▸ **To do**: This exercise calls for the data below to be retyped exactly, minus any images.

▸ **Available data**:
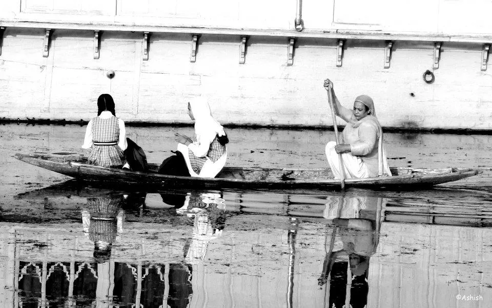It is an attempt to capture the life of Kashmiri people. A mother is rowing her kids (GIRLS) to school to make them future ready.
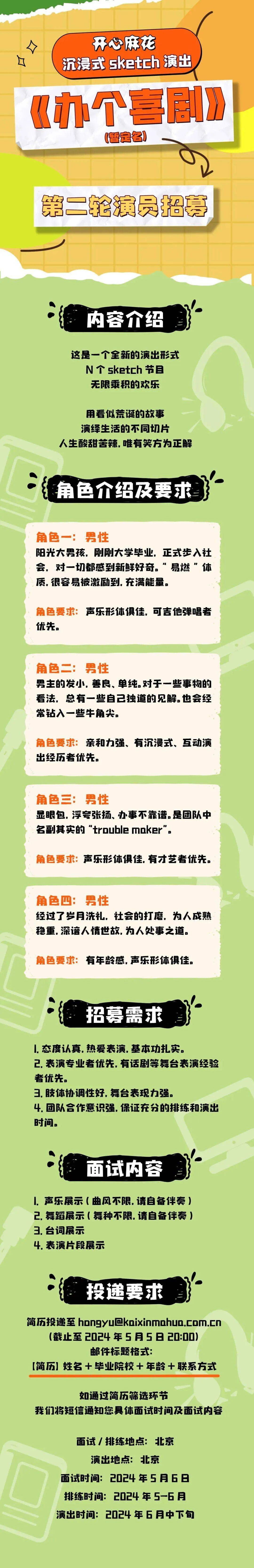 开心麻花沉浸式sketch演出第二轮演员招募
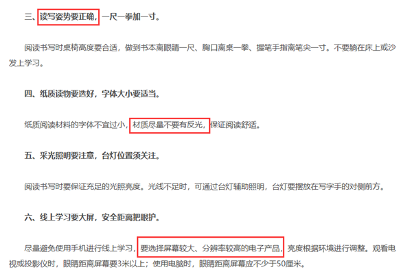 眾所周知,中小學(xué)階段正處于視力發(fā)育的關(guān)鍵時(shí)期,呵護(hù)用眼健康,不僅要保持正確的讀寫姿勢(shì),還要主動(dòng)選擇有益于眼健康的環(huán)境。對(duì)此,《要訣》中明確提出了“讀寫姿勢(shì)正確”、“閱讀材質(zhì)不反光”、“選擇屏幕較大、分辨率較高的電子產(chǎn)品”等需求。
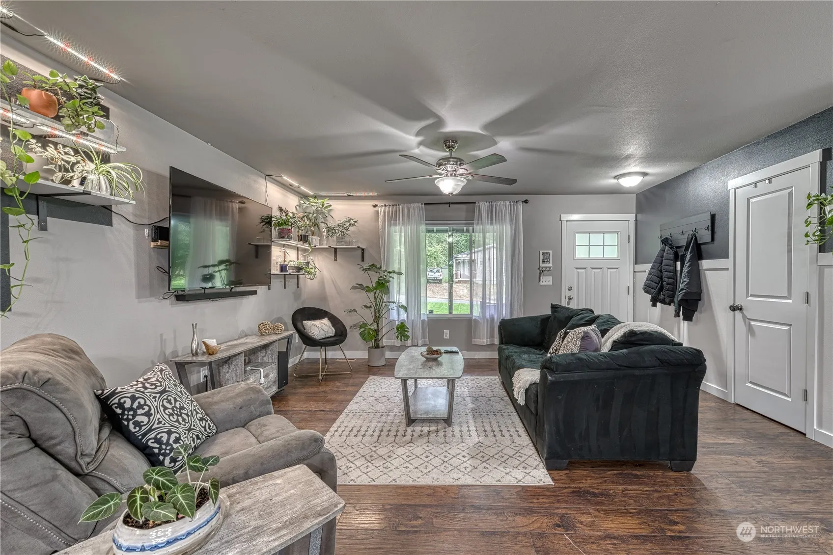 Discover comfortable living in this 3 bd 1.75 bath 1520 sqft rambler in the heart of Belfair. This home features a well-manicured lawn and welcoming front porch, a gourmet kitchen with slab granite countertops, stainless steel appliances, and a tile backsplash, and access to a community park, pool and, private waterfront park. Walk into an inviting living room, dining room, and kitchen to the right with access to the utility room, pantry, and garage. To the left of the living room, a hallway leads to 2 bedrooms, a full bath, and the primary room with 2 closets and an ensuite. Enjoy an expanded deck, hardwood floors, a 2-car garage, and RV parking. Convenient to local area shopping, Highway 3, and within 40 minutes of naval bases.

▸ **Task answer**:
It is an attempt to capture the life of Kashmiri people. A mother is rowing her kids (GIRLS) to school to make them future ready.
 开心麻花沉浸式sketch演出第二轮演员招募
 眾所周知,中小學(xué)階段正處于視力發(fā)育的關(guān)鍵時(shí)期,呵護(hù)用眼健康,不僅要保持正確的讀寫姿勢(shì),還要主動(dòng)選擇有益于眼健康的環(huán)境。對(duì)此,《要訣》中明確提出了“讀寫姿勢(shì)正確”、“閱讀材質(zhì)不反光”、“選擇屏幕較大、分辨率較高的電子產(chǎn)品”等需求。
 Discover comfortable living in this 3 bd 1.75 bath 1520 sqft rambler in the heart of Belfair. This home features a well-manicured lawn and welcoming front porch, a gourmet kitchen with slab granite countertops, stainless steel appliances, and a tile backsplash, and access to a community park, pool and, private waterfront park. Walk into an inviting living room, dining room, and kitchen to the right with access to the utility room, pantry, and garage. To the left of the living room, a hallway leads to 2 bedrooms, a full bath, and the primary room with 2 closets and an ensuite. Enjoy an expanded deck, hardwood floors, a 2-car garage, and RV parking. Convenient to local area shopping, Highway 3, and within 40 minutes of naval bases.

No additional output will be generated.